The fermented milk mainly consists of Lactobacillus bulgaricus and Streptococcus thermophilus. This research was aimed to investigate the cofermentation characteristics of different L. bulgaricus and S. thermophilus strains. Three strains of L. bulgaricus and S. thermophilus ST-2 were mixed and prepared into the starter (A, B, and C) and applied to milk fermentation for screening of optimal combination, and the commercial starter (D) was used as the reference. The microrheological properties during fermentation were analyzed by using multifrequency diffusion spectroscopy. Meanwhile, the fermented milk's stability, texture, and sensory characteristics were also observed during storage. Microrheology analysis revealed that the time to reach the fermentation endpoint of starters A, B, and C was almost the same during fermentation. Groups A, B, and C showed more elastic solid-state properties and groups A and C had higher elastic factors, indicating that the gel structure of the sample was relatively strong. During storage, the pH value of fermented milk in each group D, A, C, and B was in sequence from high to low, and the titratable acidity was also in sequence from high to low in B, C, A, and D groups, respectively. The viscosity of group A was significantly higher than that of groups B and C (p < 0.05), and there was no change in group D (p > 0.05). The sensory score of fermented milk in group A was higher, and the overall texture was good. Results concluded that group A starter culture produced fermented milk with a firm gel structure and excellent texture and flavor. This study will provide data support and methodology for developing and screening compound starters applied for milk fermentation in the future.

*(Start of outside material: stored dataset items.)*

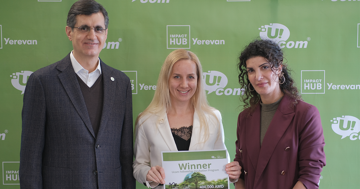 Программа Ucom Fellowship, реализуемая уже второй год, является результатом многолетнего и эффективного сотрудничества между Ucom и Impact Hub Yerevan. В числе участников программы 2025 года были перспективные проекты Eco Habit, Zenith Academy, Grant Legacy, ReSoma, Bee Green, SUNHOME Guesthouse, Kensahumus, 4Green и SeElabUS.
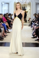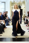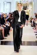 Хотя нам и трудно представить самих себя на отдыхе, гуляющих по улицам в этих роскошных молочно-белых брючных костюмах или золотых юбках, перетянутых ремешками на талии, нашим представлениям об идеальном отпуске эта коллекция в точности соответствует. В нем нет ни морских болезней, ни джетлагов, ни опасных насекомых, ни ожогов от солнца, ни потерянного багажа — поэтому и девушки Ralph Lauren, живущие в этом прекрасном мире, всегда одеты с иголочки. Вокруг шей вьются облаком пышные жабо, белые брюки полощутся на ветру, у черного костюма обнаруживается белоснежная подкладка, а босоножки с сумками словно отлиты из чистого золота, словно какие-нибудь сережки. Но эта элегантность, к счастью, совсем не чопорна — пафос снимает задорный горошек, который то красуется на платье, то поглядывает с надетых со строгими костюмами галстуков.
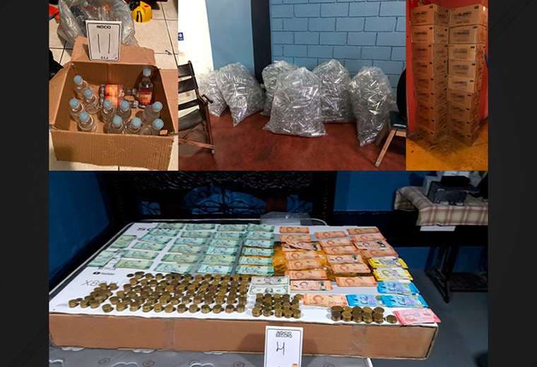 El OIJ decomisó tres camiones que habrían sido utilizados para la distribución del licor en Costa Rica, cinco millones de colones en efectivo, seis estañones que, al parecer, contienen etanol puro al 96% y 600 cajas con 24 unidades de licor, cada una, listas para la venta.
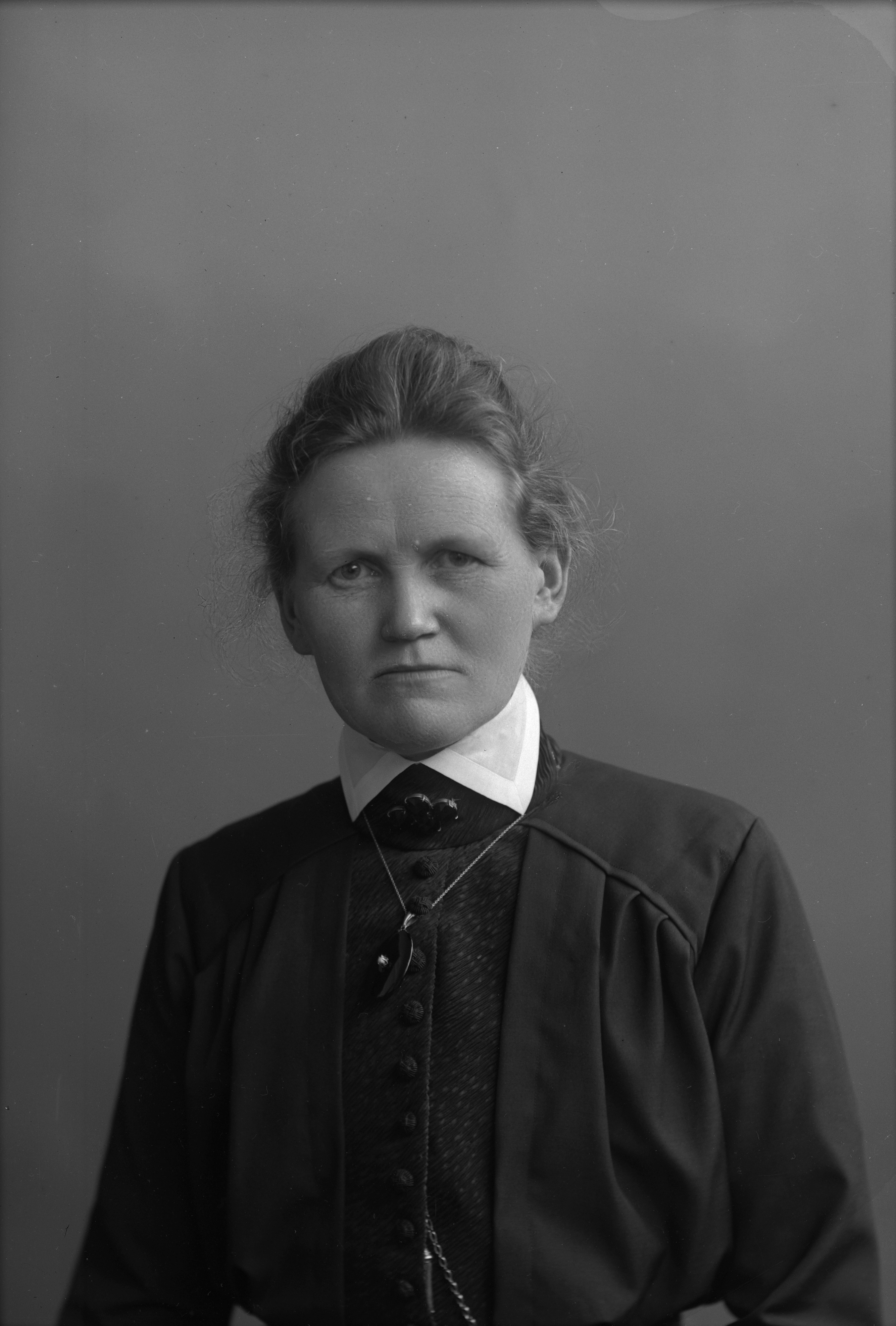 Porträtt i halvfigur av fröken Ohlsson, textilhandelsanställd.
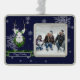 Decore su árbol esta temporada de vacaciones con un reno azul enmarcado como adorno de Navidad. El diseño ornamental incluye un reno festivo con una corona de Navidades adornada con bayas y copos de nieve que caen y una caja de saludo de vacaciones decorada con guirnaldas y marcos de vacaciones que pueden añadir fotos familiares. También hay artículos de regalo y de vacaciones disponibles con este diseño.

发酵乳主要由保加利亚乳杆菌和嗜热链球菌组成。本研究旨在探讨保加利亚乳杆菌和嗜热链球菌的共发酵特性。将3株保加利亚乳杆菌和嗜热链球菌ST-2混合配制成发酵剂(A、B、C)进行乳发酵,筛选最佳组合,并以商品发酵剂(D)为参照。利用多频扩散光谱分析了发酵过程中的微流变学特性。同时,对发酵乳的稳定性、质地和感官特性进行了观察。微流变学分析表明,发酵剂A、B和C在发酵过程中到达发酵终点的时间几乎相同。A、B、C组表现出更强的弹性固态性质,A、C组弹性系数更高,说明样品的凝胶结构相对较强。在贮藏过程中,D、A、C、B组发酵乳的pH值由高到低,B、C、A、D组发酵乳的可滴定酸度也由高到低。A组的黏度显著高于B、C组(p < 0.05), D组无显著变化(p < 0.05)。A组发酵乳感官评分较高,整体质地较好。结果表明,A组发酵剂生产的发酵乳凝胶结构牢固,质地和风味优良。本研究将为今后开发和筛选应用于牛奶发酵的复合发酵剂提供数据支持和方法依据。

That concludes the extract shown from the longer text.